Major General William Richard Schmidt (October 14, 1889 – July 18, 1966) was a decorated United States Army officer who spent most of World War II as commanding the 76th Infantry Division.

Early life and military career

William Richard Schmidt was born on October 14, 1889, the son of Joseph Karl and his wife Anna (née Haman). Seeking a military career, he entered the United States Military Academy (USMA) at West Point, New York in 1909. He graduated four years later on June 12, 1913, which led to him being commissioned as an officer, with the rank of second lieutenant, into the Infantry Branch of the United States Army on the same date. Many of his classmates who he graduated alongside would, like Schmidt, attain high rank and become general officers in the years to come, during World War II. They included Douglass T. Greene, Paul Newgarden, Robert L. Spragins, Louis A. Craig, Lunsford E. Oliver, Henry B. Lewis, John E. McMahon, Jr., Carlos Brewer, Richard U. Nicholas, Alexander Patch, Robert H. Van Volkenburgh, Willis D. Crittenberger, Robert M. Perkins, William A. McCulloch, Geoffrey Keyes, Selby H. Frank, Charles H. Corlett and Henry B. Cheadle, along with numerous others.

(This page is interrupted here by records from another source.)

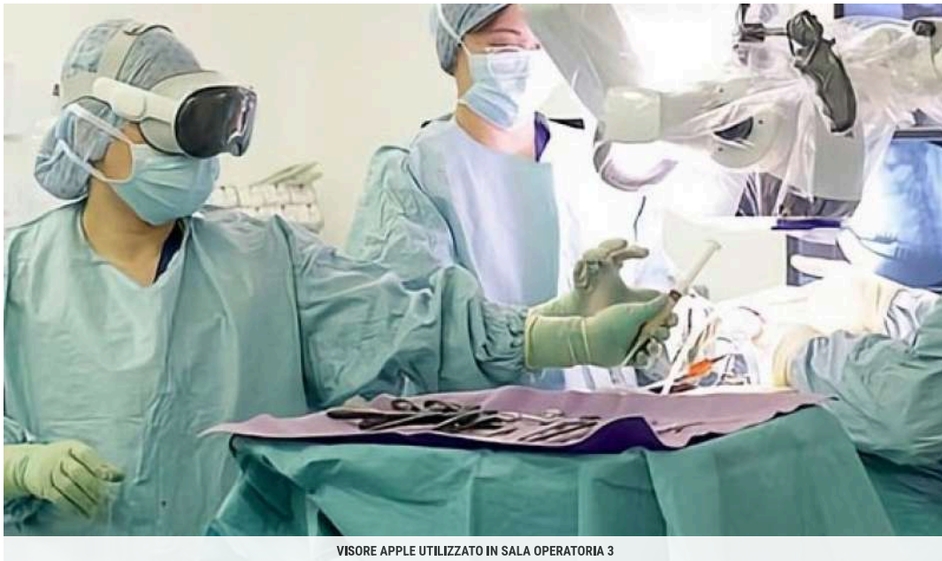
VISORE APPLE UTILIZZATO IN SALA OPERATORIA 3

(ANSA) - Un intervento di oftalmoplastica con l'utilizzo del visore commerciale Apple Vision Pro è stato eseguito al Policlinico di Catania. Lo rende noto l'azienda ospedaliera universitaria sottolineando che è stata "la prima seduta al mondo realizzata con l'ausilio di questo dispositivo all'avanguardia non ancora commercializzato in Europa", che "offre notevoli benefici di carattere sanitario oltre che economico".
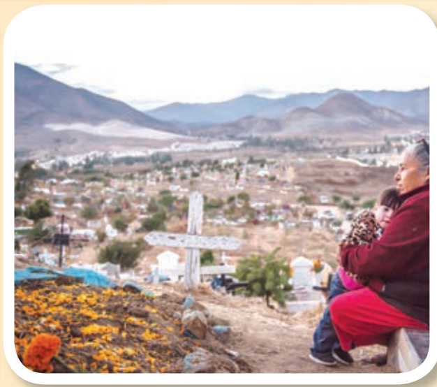
Día de Muertos en Baja California.
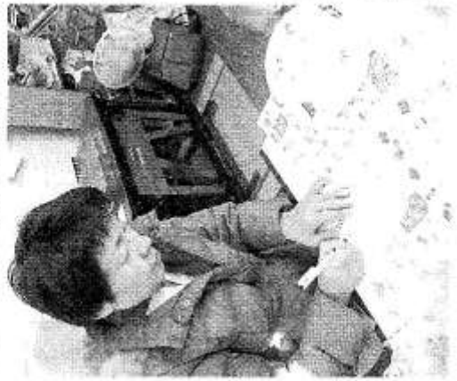
井戸水の測定をする静岡放射能汚染測定室のスタッフ(静岡市駿河区)
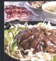
北海道直送のマトンを使用したジンギスカン
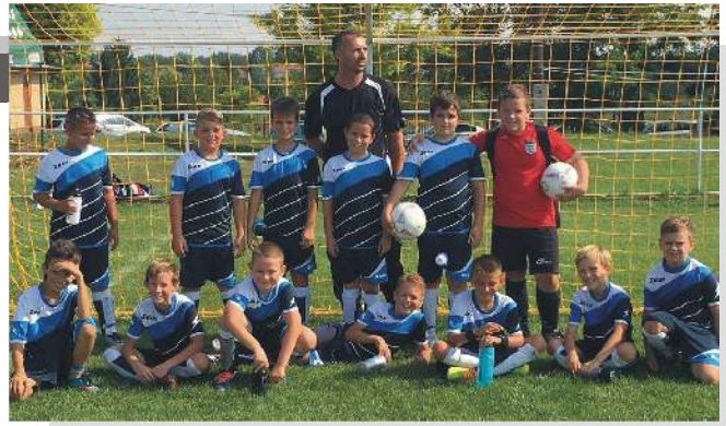
Bozsik torna 2016.09.11. U-11
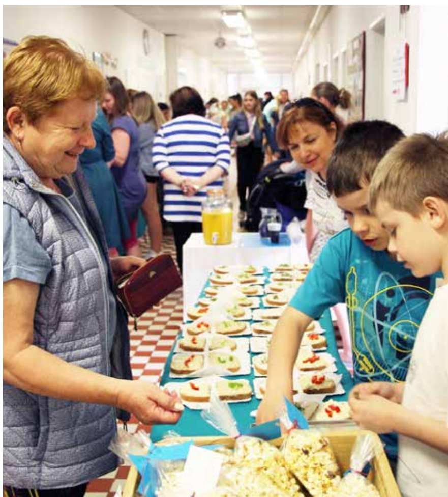
Finanční gramotnost v praxi aneb jak prodávali druháci
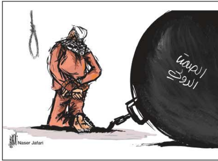
رسم ناصر الجعفري (الأردن) 2026
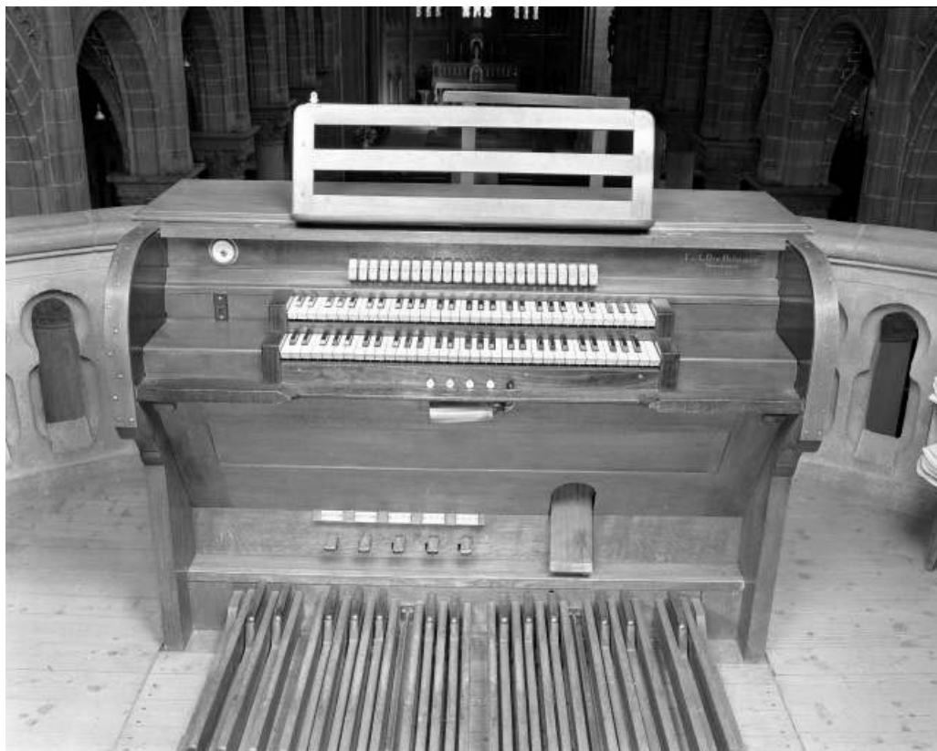
Console vue de face.
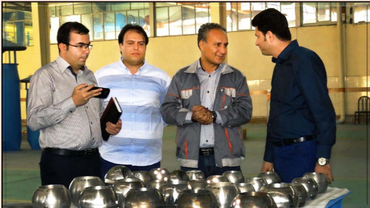
بازدید تیم کارشناسی شرکت ملی حفاری ایران
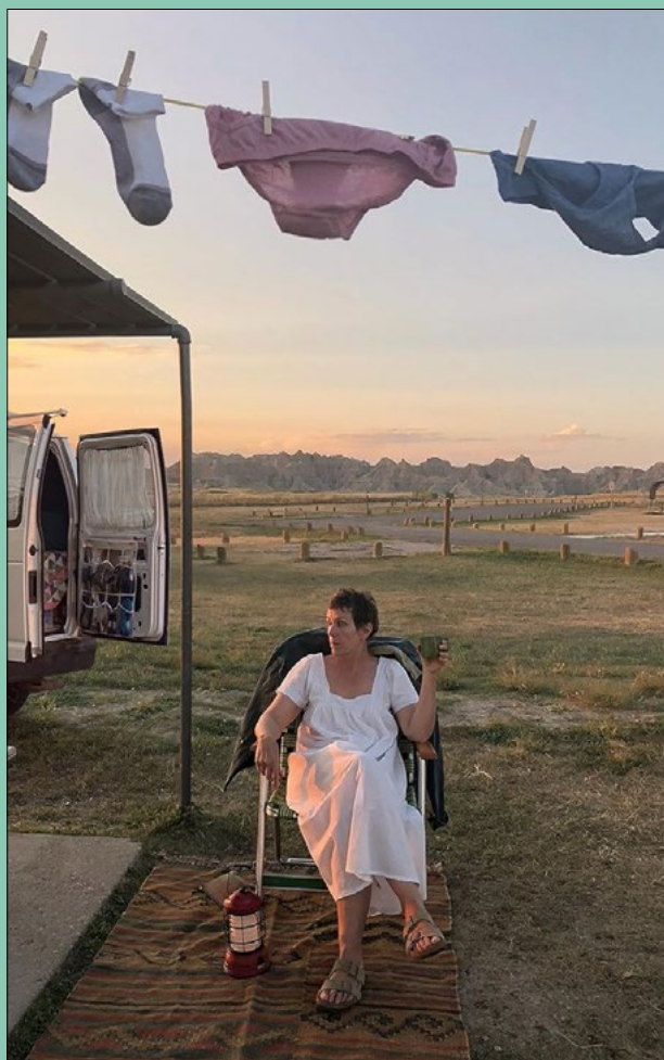
Nomadland (Chloé Zhao, 2020)
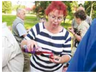
Mekitakse punast jooki.

100 aasta vana haruldane tobi-väät. Tõeline vaatamisväärsus on viinaköök, mis restaureeriti 1984. aastal. Mõisa põhiline sissetulekuallikas olid piimakarid ja seakasvatuse arendamine oli juustu tootmine. Suurt huvi tekitab 14nurkne ringtall. Heimtalis tegutseb Eesti suurim sporthobuste kasvatamise ja aretamisega tegelev firma.
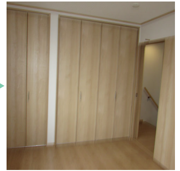
内装工事（和室→洋室）の Before→After（宇治市・M様邸）
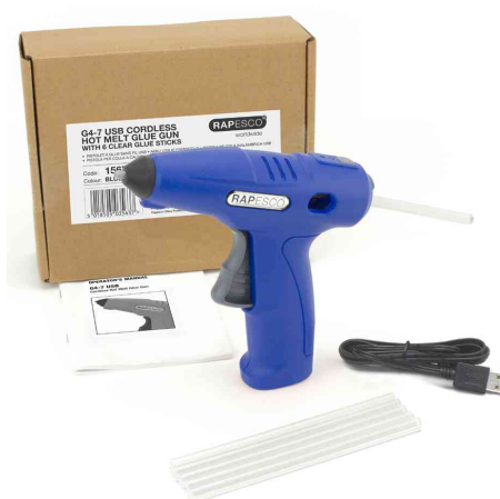
Contenu de la livraison: Pistolet à colle sans fil G4-7 + câble + bâtons de colle
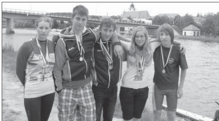
Medailisté z 2. závodu českého poháru v Sedlčanech.
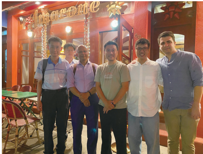
圖三：筆者與博士班學生赴紐約 Fordham University 進行移地研究
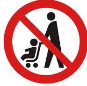
ベビーカー使用禁止マーク

ベビーカー使用者が安心して利用できる場所や設備（エレベーター、鉄道やバスの車両スペース等）を表しています。
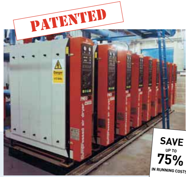
10 Bank Maxi PNEUDRI electronic installation

멀티뱅크 드라이어는 각 개별 뱅크가 유지/보수 시, 또는 압축공기 소모량이 감소가 되는 경우 쉽게 분리 가능하도록 설계되어 있습니다.
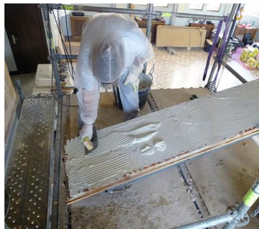
Proceso de aplicación del adhesivo para posteriormente unir el panel al muro de la capilla.
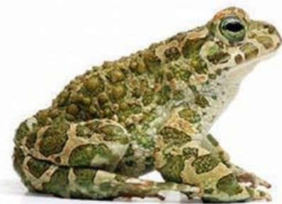
zelena krastača (8–10 cm)
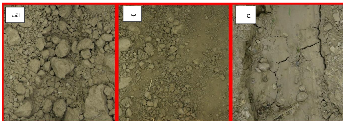
شکل ۱. نمونه‌ای از تصاویر استفاده‌شده برای تعیین شاخص اندازه و تعداد کلوخه‌ها قبل از آبیاری (الف: کلوخه زیاد، ب: کلوخه متوسط، ج: کلوخه کم)

برای بررسی دقت رابطه بین پارامترهای مختلف و ضریب زبری مانینگ در فازهای مختلف، کلیه داده‌ها به دو بخش آموزش و آزمون تقسیم شدند. بدین منظور ۸۰ درصد از داده‌ها برای آموزش و ۲۰ درصد برای آزمون مورد استفاده قرار گرفتند سپس با بررسی شاخص‌های آماری RMSE ، R^2 و NRMSE در داده‌های آموزش و آزمون بهترین معادلات در فازهای پیشروی، ذخیره و کل رخداد آبیاری استخراج شد.
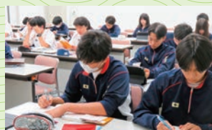
▲実力強化合宿で自分の限界に挑戦!
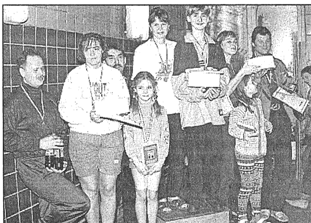
● Ģimeņu stafetes dalībnieki izpelnījās viskaļākos līdzjutēju aplausus. Pirmās vietas ieguvēji — Carjovu ģimene no Līvāniem, Orlovsku ģimene no Višķiem un Brokānu ģimene no Preiļiem.
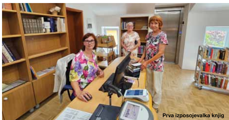
Prva izposojevalka knjig

diva. Če nimate časa za podrobno iskanje dobre literature in se vam mudi na dopust, počitnice, se prepustite izbiri knjižničark, ki so za vas pripravile vrečke Mački v žaklju z izbranimi knjigami, ki si jih lahko hitro izposodite. Izbor je premišljen in primeren za vse vrste bralcev – tako za odrasle kot tudi otroke.
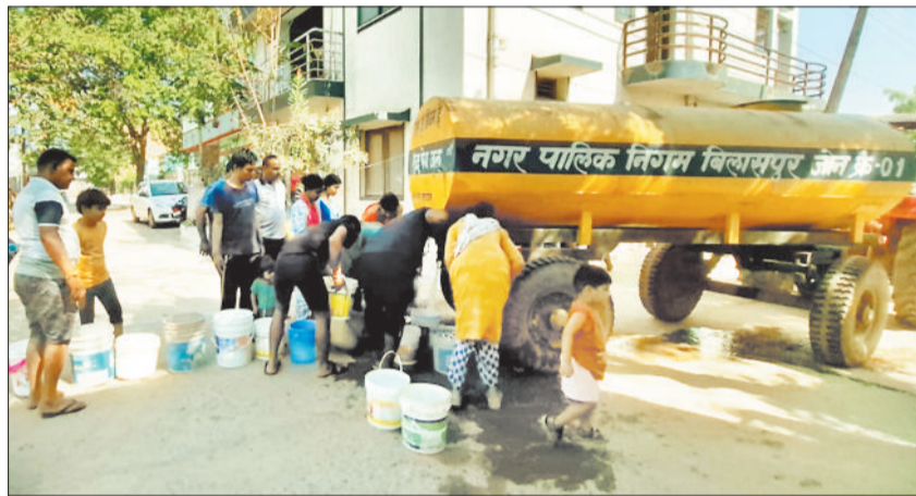
दीनदयाल कालोनी में टैंकर से पानी लेने के लिए जद्दोजहद करते लोग।

न्यायधानी बिलासपुर में गर्मी ने अभी पूरी तरह दस्तक भी नहीं दी है, लेकिन शहर की प्यास बुझाने वाले इंतजाम दम तोड़ते नजर आ रहे हैं। नगर निगम क्षेत्र के पुराने मोहल्लों से लेकर निगम में शामिल हुए नए वार्डों तक, इन दिनों पानी की भारी किल्लत और दूषित सप्लाई ने लोगों का जीना मुश्किल कर दिया है। मंगला, कुदूदण्ड, लिंगियाडीह में मोटर पंप खराब हो रहे हैं।
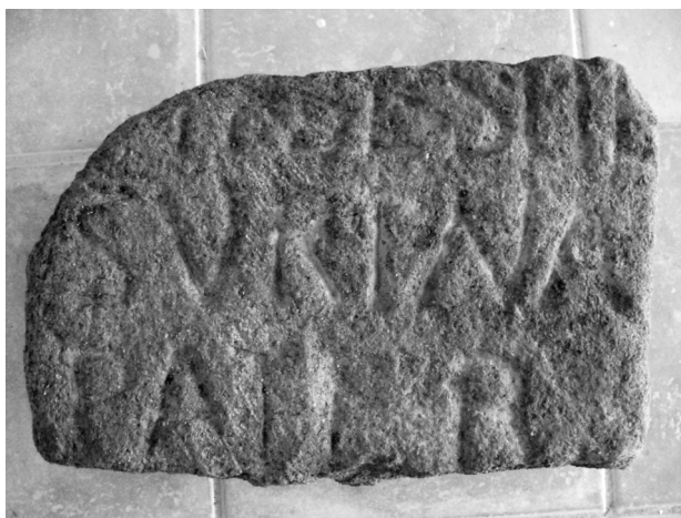
Fig. 2: Detalle del texto del epitafio hallado en Don Benito.
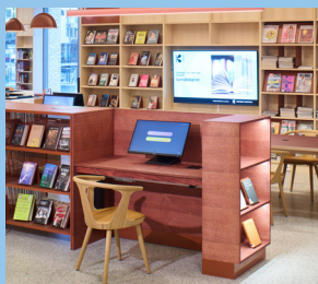
Suksess med nytt bibliotek i Steinkjer LES MER PÅ SIDE 4 og 5

Nasjonalbiblioteket er vertskap for årets Brukermøte.
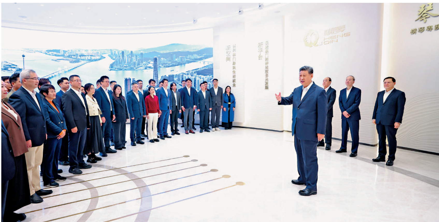
▲習近平主席在橫琴天沐琴台展示廳考察時，同參與橫琴粵澳深度合作區規劃、建設、管理、服務等各方面代表親切交流。
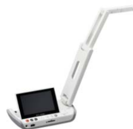
書画カメラ（MA-1）に搭載
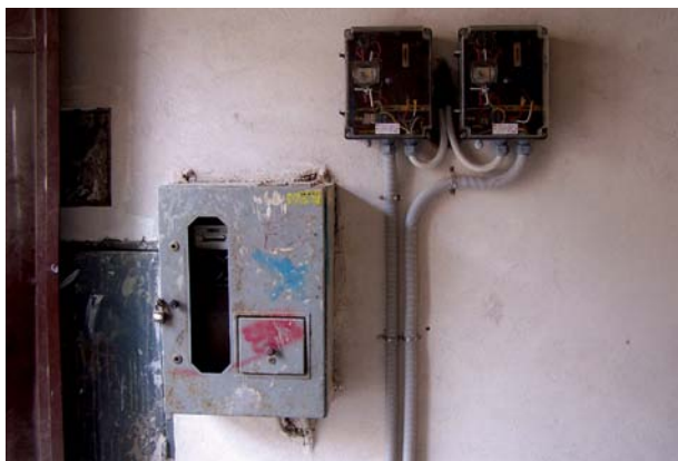
CORECT! Instalațiile tehnice sunt grupate corect, în gangul de intrare, și nu alterează aspectul plastic al fațadei.
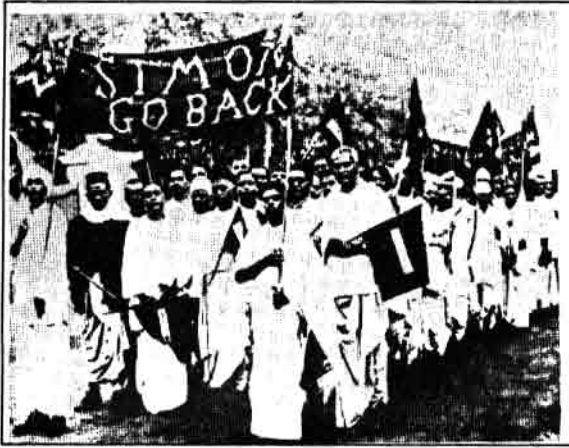
मद्रास में साइमन कमीशन के खिलाफ जुलूस

का विरोध करने के लिए लोगो ने गुब्बारो पर लिखा 'साइमन वापस जाओ' और ये गुब्बारे समारोह स्थल के ऊपर उड़ाए।
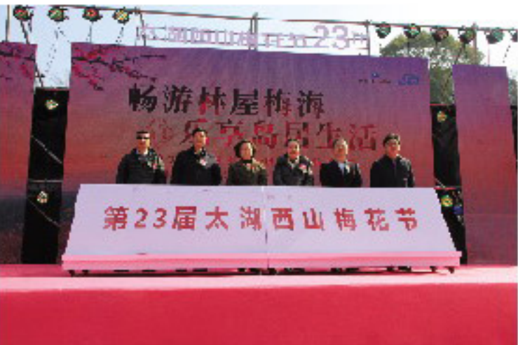
第23届太湖西山梅花节

梅开百花之先,独天下而春。在中国传统文化中,梅花早已不仅仅是一种花卉,它已成为广阔、丰富、深邃的人文精神,是在几千年食用、培育、观赏、研究中不断追求和凝练的中华民族之魂。它让中国人的精神世界更加瑰丽,让中华文明更加厚重与璀璨。
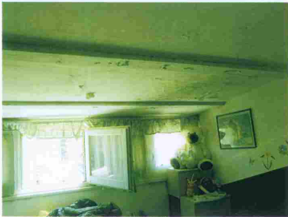
Foro n° 54 – Locale Camera n. 1; vista delle tracce di umidità nel soffitto.
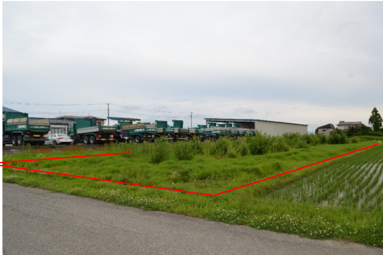
北側市道接道部より撮影
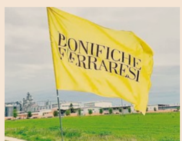
BF. Primo in Italia nell'agroindustria

Between 1913 and 1917, Schmidt served on the Mexico–United States border during the Pancho Villa Expedition. During this campaign, he was promoted to first lieutenant. Schmidt did not see combat in France on the Western Front during World War I and instead performed stateside duty at Schofield Barracks in Pearl Harbor, at Presidio of San Francisco and at Camp Fremont, California.

Between the wars
In 1921, now with the rank of major, Schmidt was transferred back to the USMA, where he was an instructor in the Department of Chemistry, Mineralogy and Geology. He stayed in this position until 1923, when he was transferred back to Hawaii.

Schmidt attended the U.S. Army Command and General Staff School at Fort Leavenworth, Kansas in 1928.

In 1933, he was appointed executive officer (XO) of the Civilian Conservation Corps at Camp Dix, New Jersey and served there for one year. Then he was transferred to Washington, D.C., where he was assigned to the Supply branch (G-4 Division) of the War Department General Staff on March 21, 1934.

World War II
In 1940, Schmidt was appointed commander of the 39th Infantry Regiment a, part of the 9th Infantry Division, and stayed in this capacity until the end of 1941. He was subsequently promoted to the one-star general officer rank of brigadier general in April 1942, four months after the American entry into World War II, and transferred to the newly activated 81st Infantry Division, where he became the assistant division commander (ADC) for Major General Gustave H. Franke, the division commander, for a short time.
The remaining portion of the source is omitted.